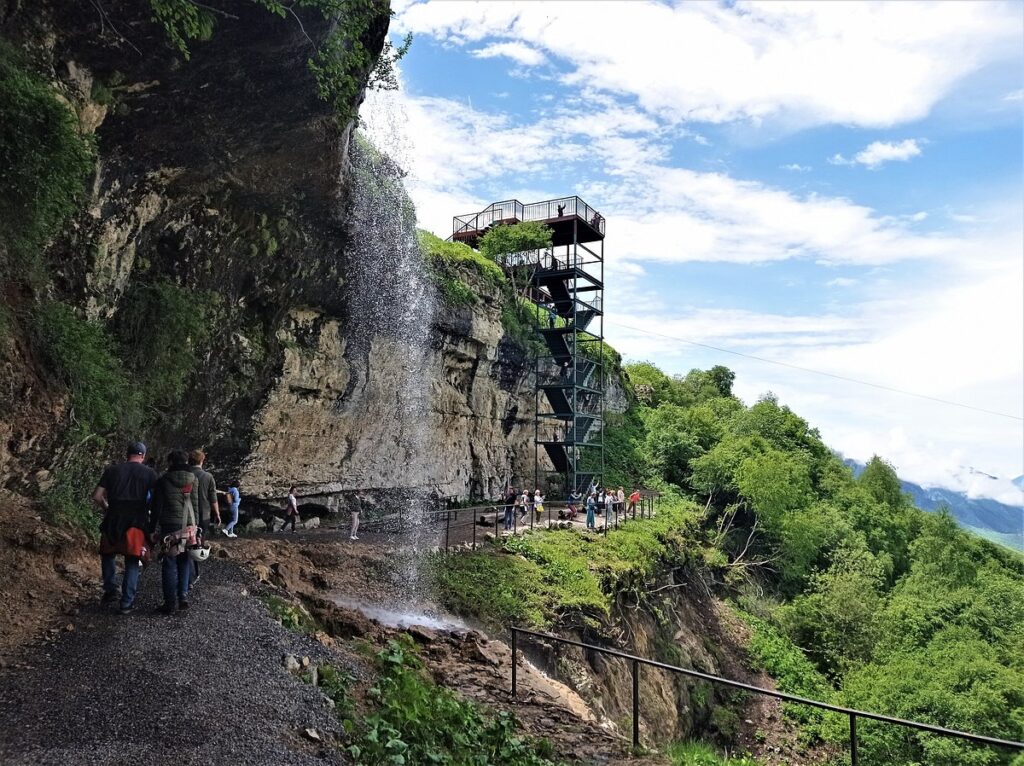 В горах посетим Салтинскую теснину со своим подземный красивым водопадом.
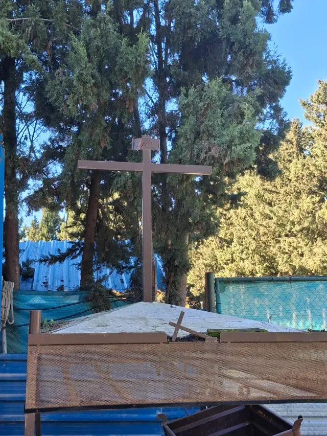 Paso de Semana Santa. -metálico -con ruedas en sus 4 patas -llamada e forma de cruz
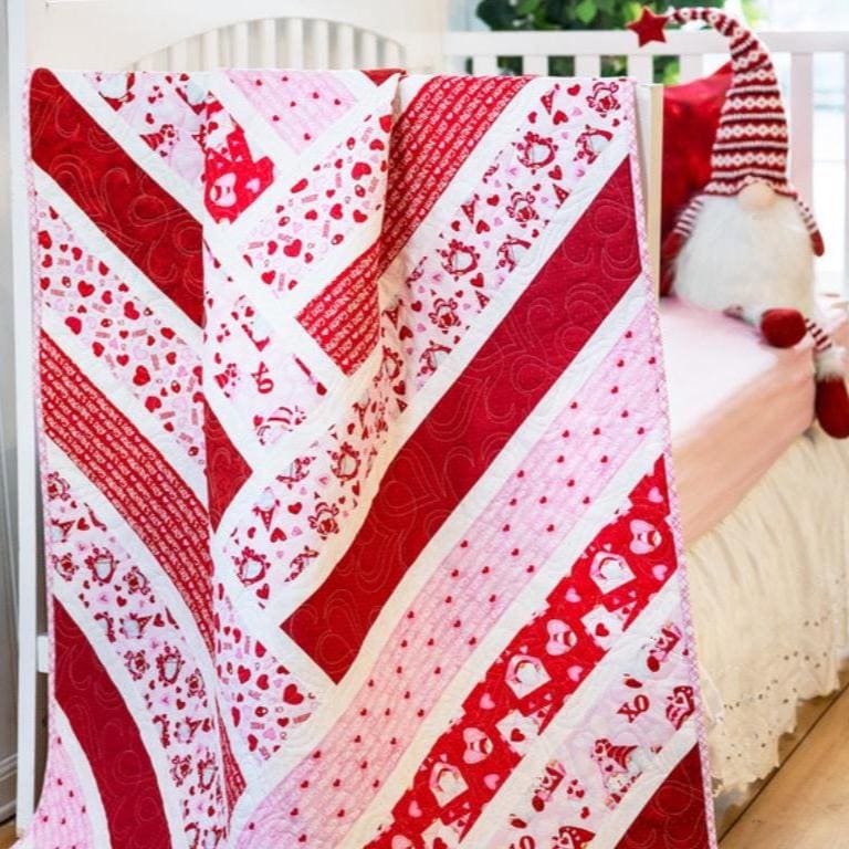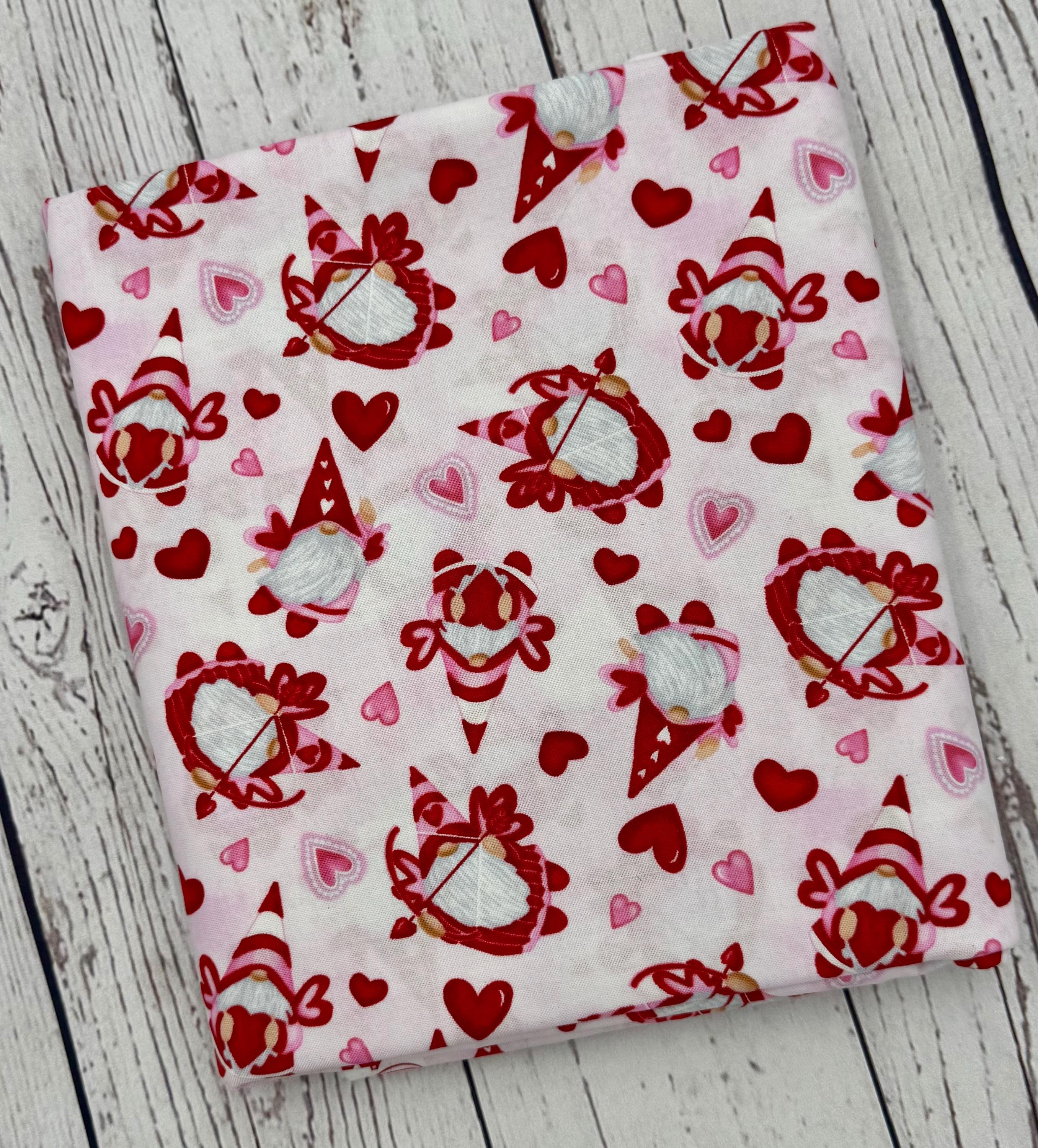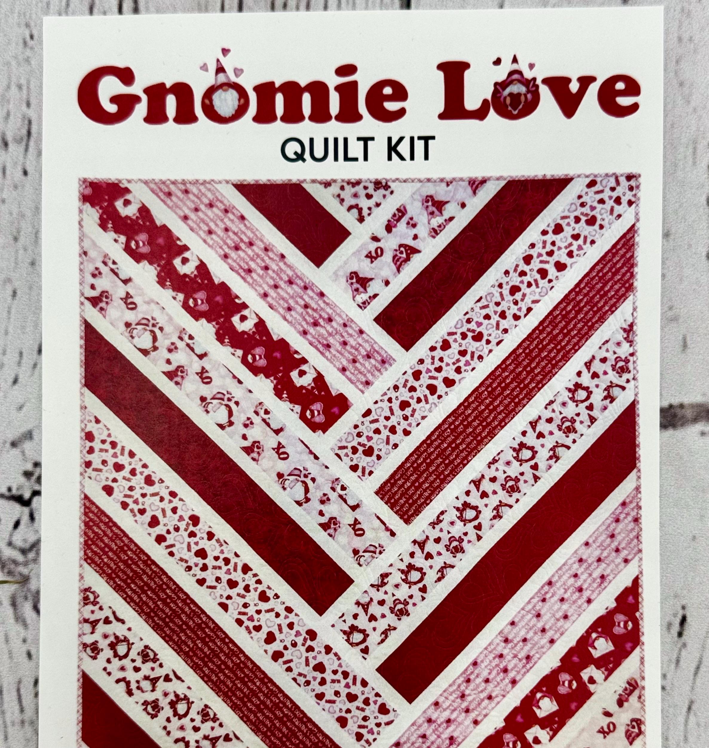All the fabric needed to complete this adorable gnome and hearts quilt. Includes pattern. Finished quilt size 40 X 50
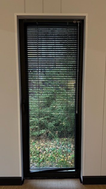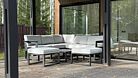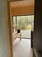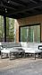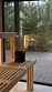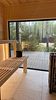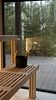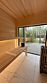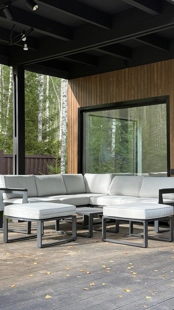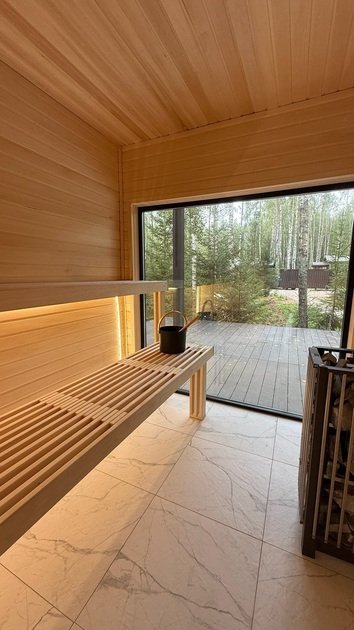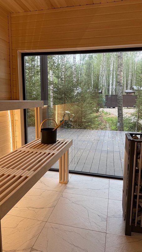 Терраса с мягким диваном и панорамная сауна с высокими потолками и лесными пейзажами создают атмосферу покоя и уюта. Минималистичный дизайн способствует комфортному отдыху.
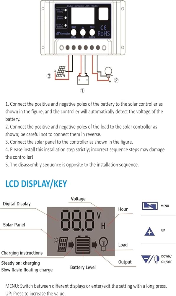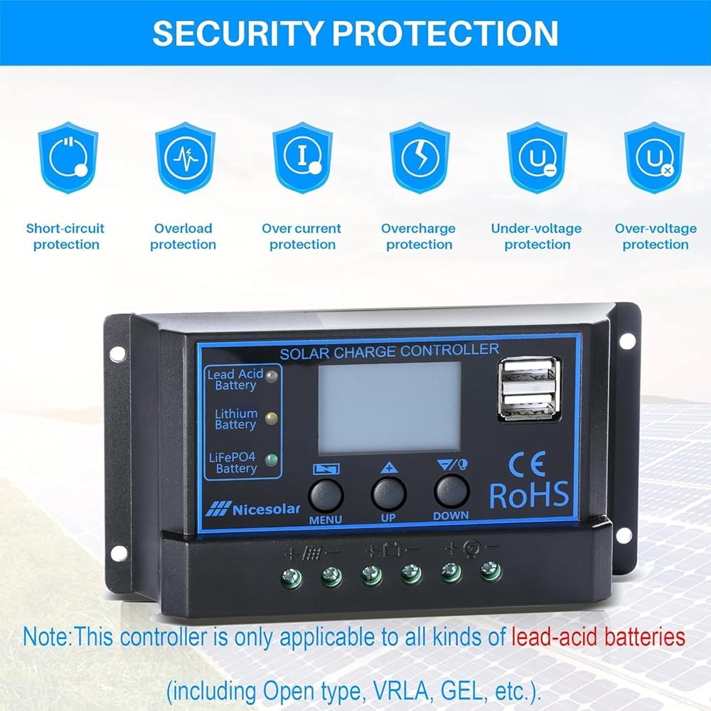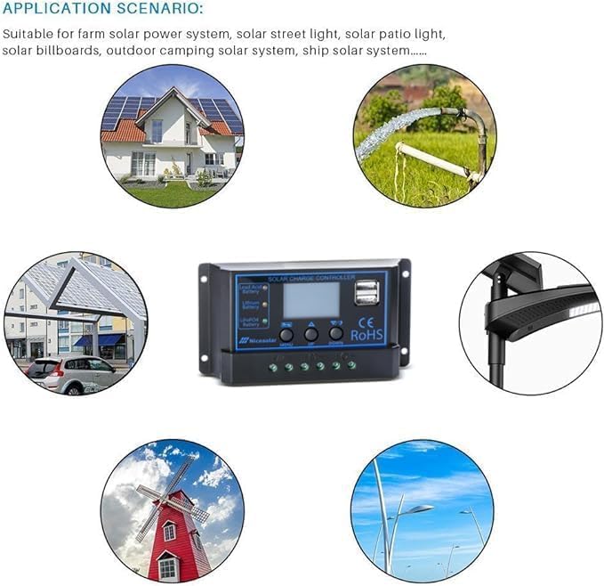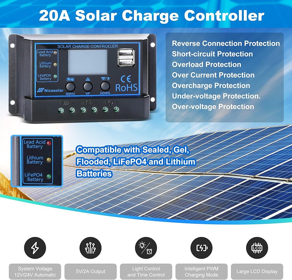 Nicesolar 20A 12V 24V جهاز التحكم بالشحن الشمسي PWM منظم لنظام مجموعة الألواح الشمسية AGM جل حمض الرصاص المختوم وبطارية الليثيوم، LiFePO4 بطارية ليثيوم أيون فوسفات ذات دورة عميقة
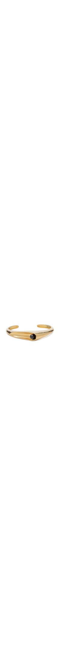 O bracelete dourado é produzido em metal com banho de ouro 18K. A peça possui espessura média, parte superior com curvatura e detalhe de esfera de zircônia negra, acabamento polido e abertura inferior para encaixe.
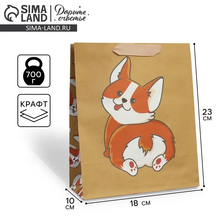 Пакет подарочный крафтовый, упаковка, «Пёсик», MS 18 х 23 х 10 см
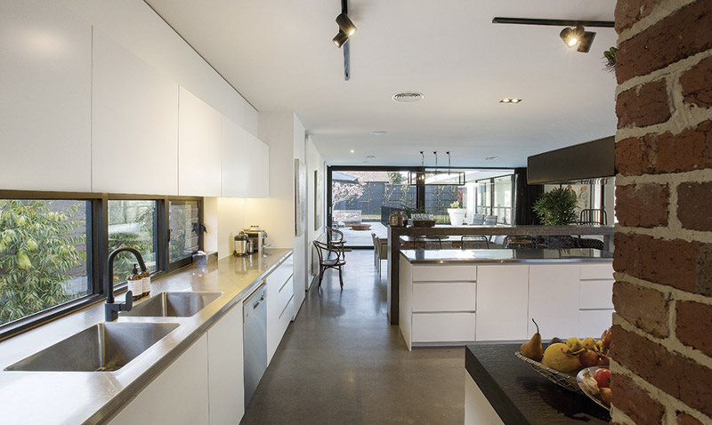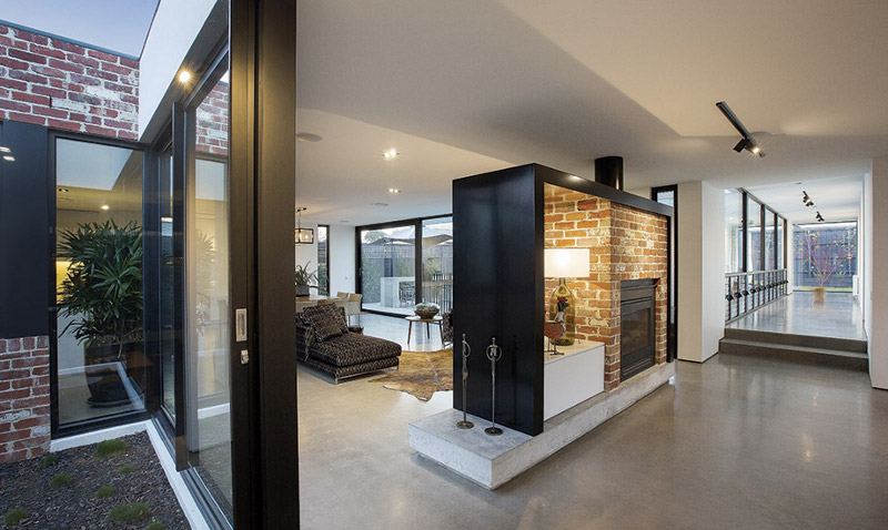 Melbourne-based design practice mckimm create contemporary, stylish spaces from design to construction. This U-shaped home wraps itself around an outdoor kitchen, firepit and pool. A modern industrial vibe is warmed by walls of exposed brick while the use of concrete unites its open spaces.
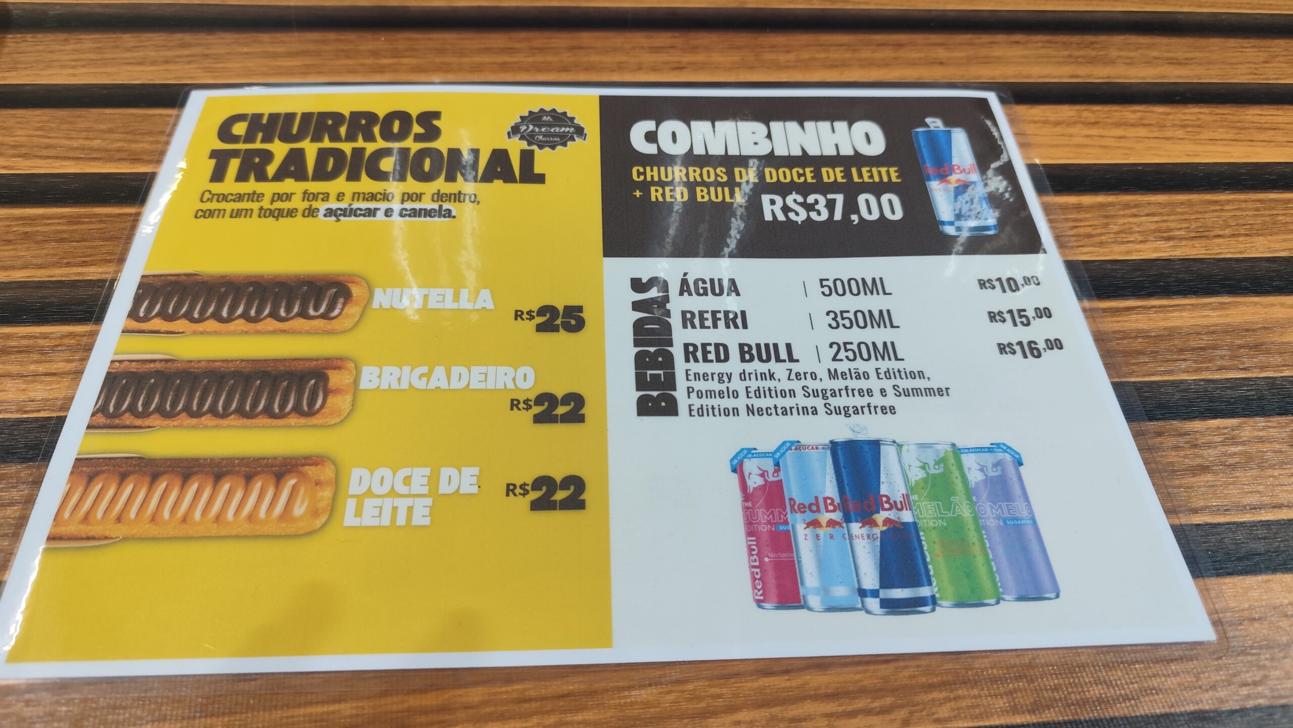 Sobremesas e Bebidas Para a sobremesa, o Mr. Dream Churros vende unidades a partir de R$ 22,00 (Doce de Leite/Brigadeiro) chegando a R$ 25,00 (Nutella). A hidratação segue preços tabelados na maioria dos pontos:
※ ※ ※
**WHAT TO PRODUCE**
Look above for the line with "All the fabric" and the line with "Nicesolar 20A 12V". Copy them and every line between, exactly, but no pictures.

**PROBLEM SOLUTION**
All the fabric needed to complete this adorable gnome and hearts quilt. Includes pattern. Finished quilt size 40 X 50
 Терраса с мягким диваном и панорамная сауна с высокими потолками и лесными пейзажами создают атмосферу покоя и уюта. Минималистичный дизайн способствует комфортному отдыху.
 Nicesolar 20A 12V 24V جهاز التحكم بالشحن الشمسي PWM منظم لنظام مجموعة الألواح الشمسية AGM جل حمض الرصاص المختوم وبطارية الليثيوم، LiFePO4 بطارية ليثيوم أيون فوسفات ذات دورة عميقة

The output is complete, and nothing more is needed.